DEV Community

Agustin V. Startari
Agustin V. Startari

Posted on

AI Isn’t “Inspired” by Human Writing. It Is Built on Unpaid Intellectual Labor

Large language models do not only copy sentences. They absorb human knowledge, recombine it, and erase the trail of attribution.
Artificial intelligence companies often describe large language models as if they were “learning” from human writing in the same way a person learns from books, articles, code, essays, journalism, legal documents, and public conversations. That comparison is convenient, but it hides the central problem. Human learning takes place inside a culture of authorship, quotation, citation, responsibility, and criticism. If a person quotes a passage, they are expected to cite it. If they build on another author’s idea, they are expected to acknowledge it. If they copy without attribution, they can be accused of plagiarism.

Large language models operate under a different structure. They are trained on massive collections of human writing and transform that material into predictive capacity. Academic papers, books, code repositories, technical manuals, legal documents, blogs, forums, comments, and journalistic work become part of the statistical infrastructure that allows the model to generate new text. The final output may look original because it does not copy a single source word for word. But the absence of visible copying does not mean the absence of intellectual debt.

This is the argument behind my paper Plagiarism Ex Machina: Structural Appropriation in Large Language Models. The article does not treat AI plagiarism as a simple question of copied sentences. It argues that the real problem is deeper: large language models can absorb human-made intellectual structures, recombine them, and produce fluent outputs without showing where the underlying knowledge came from. This is what I call structural appropriation.

Structural appropriation means that the appropriated object is not only a sentence or paragraph. It may be a concept, an argument, a definition, a legal reasoning pattern, a coding solution, an academic tone, a journalistic frame, a taxonomy, or a way of explaining a problem. The model does not need to copy a paragraph in order to benefit from the labor that created these structures. It only needs to transform them enough that the source disappears.
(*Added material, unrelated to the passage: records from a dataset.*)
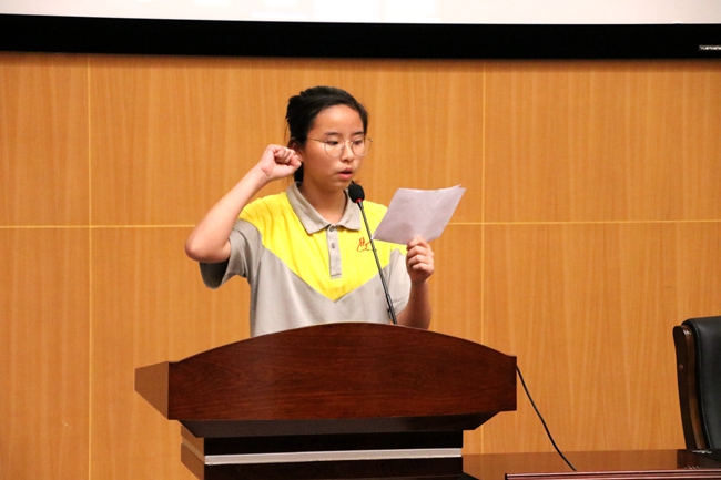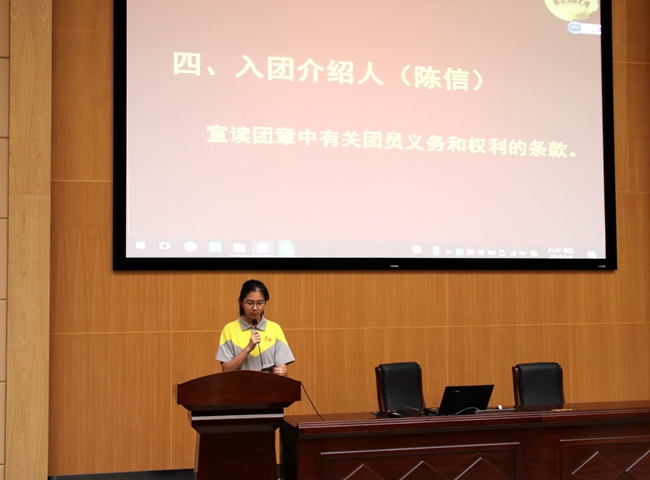 2017年首批团员代表兼学生会副主席的陈信同学,为新团员宣读《团章》中有关团员义务和权力的条款,并及时作出条文解读。
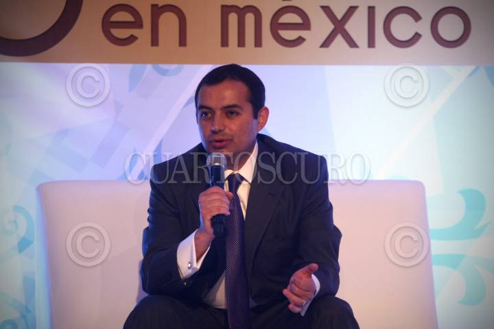 PUEBLA, PUEBLA, 23JUNIO2011.- Rafael Moreno Valle Rosas, gobernador de Puebla, junto al titular de la SHCP, Luis Ernesto Cordero y el presidente del consejo consultivo de la CIRT, Rafael Borbón Ramos, posan con el reconocimiento que le otorgaron al secretario de hacienda durante su ponencia en la 79 convención nacional de la CIRT en Puebla. FOTO: FRANCISCO GUASCO/CUARTOSCURO.COM
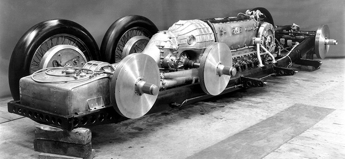 Чтобы достичь поставленной цели, изобретатели решили сделать силовую установку болида из двух 12-цилиндровых авиационных моторов Rolls-Royce Schneider. Объем каждого агрегата составлял 36,5 л, суммарная мощность – 4700 л.с.! Чтобы вместить все необходимые для такой установки функциональные узлы, длина «автомобиля» должна была быть не менее 10 метров, а снаряженная масса по предварительным расчетам – около 7 тонн…
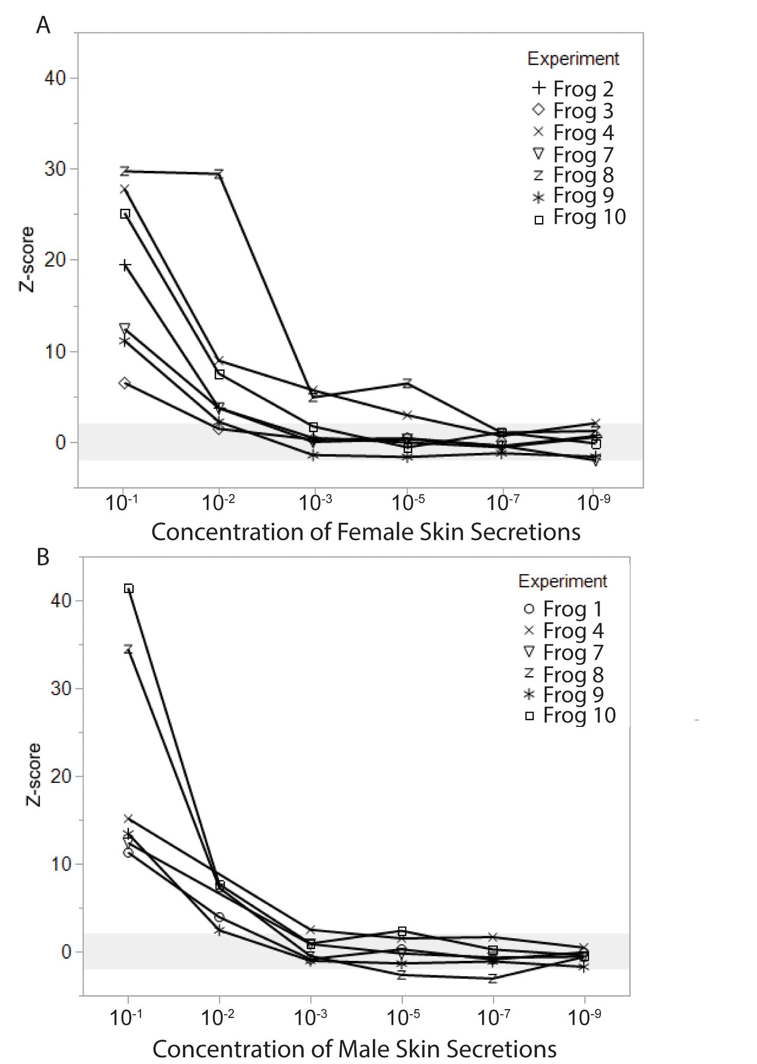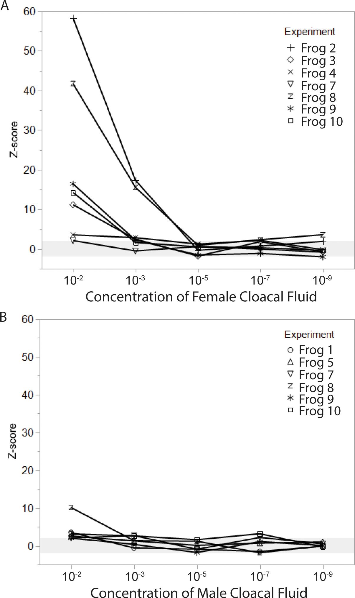 (A) EOG amplitudes in response to female cloacal fluids were robust at 10−2 concentration, and declined at lower concentrations, with the detectability threshold (z ≥ 2) falling between 10−3 and 10−5 for most animals. (B) EOG amplitudes to male cloacal fluids were far smaller, with a detection threshold between 10−2 and 10−3 for most animals.

That is why the language of “inspiration” fails. A poet may be inspired by another poet, but that inspiration exists within a recognizable human culture of influence, authorship, critique, and acknowledgment. A model does not participate in that culture. It does not read, remember, interpret, or acknowledge in the human sense. It absorbs statistical relations from enormous corpora and turns them into a product. That product is then sold through subscriptions, APIs, enterprise tools, writing assistants, coding assistants, search systems, and productivity platforms. Human language becomes machine capacity. Machine capacity becomes platform revenue.

The original writers usually disappear from that process. Their work may have helped train the system, but the output does not name them. Their style may have shaped the model’s fluency, but the interface presents the answer as if it came from the machine. Their concepts may have contributed to the generated explanation, but there is no visible source map. There is no intellectual debt record. There is no proportional compensation. The result is an asymmetry: the system can use the labor, the platform can monetize the output, and the originator becomes invisible.

*Why This Matters
*

The public debate about AI and plagiarism is still too narrow. Most people ask whether the model copied a sentence. That question matters, but it does not reach the deeper problem. A model can avoid direct duplication and still depend on the work of countless human authors. It can generate a paragraph that passes a plagiarism detector, contains no obvious overlap with any known source, and still be built from patterns extracted from human writing.

This is not ordinary plagiarism. Classical plagiarism is easy to imagine: someone copies a paragraph from an article, removes the author’s name, and presents it as their own. That model depends on visible textual overlap. AI introduces a different structure. A model may absorb thousands of texts on a topic, learn the common patterns of explanation, reproduce the tone, generate a new version, and present it as original output. No single paragraph is copied. No single author can be identified. No plagiarism detector flags it. But the output still depends on intellectual labor that was not credited.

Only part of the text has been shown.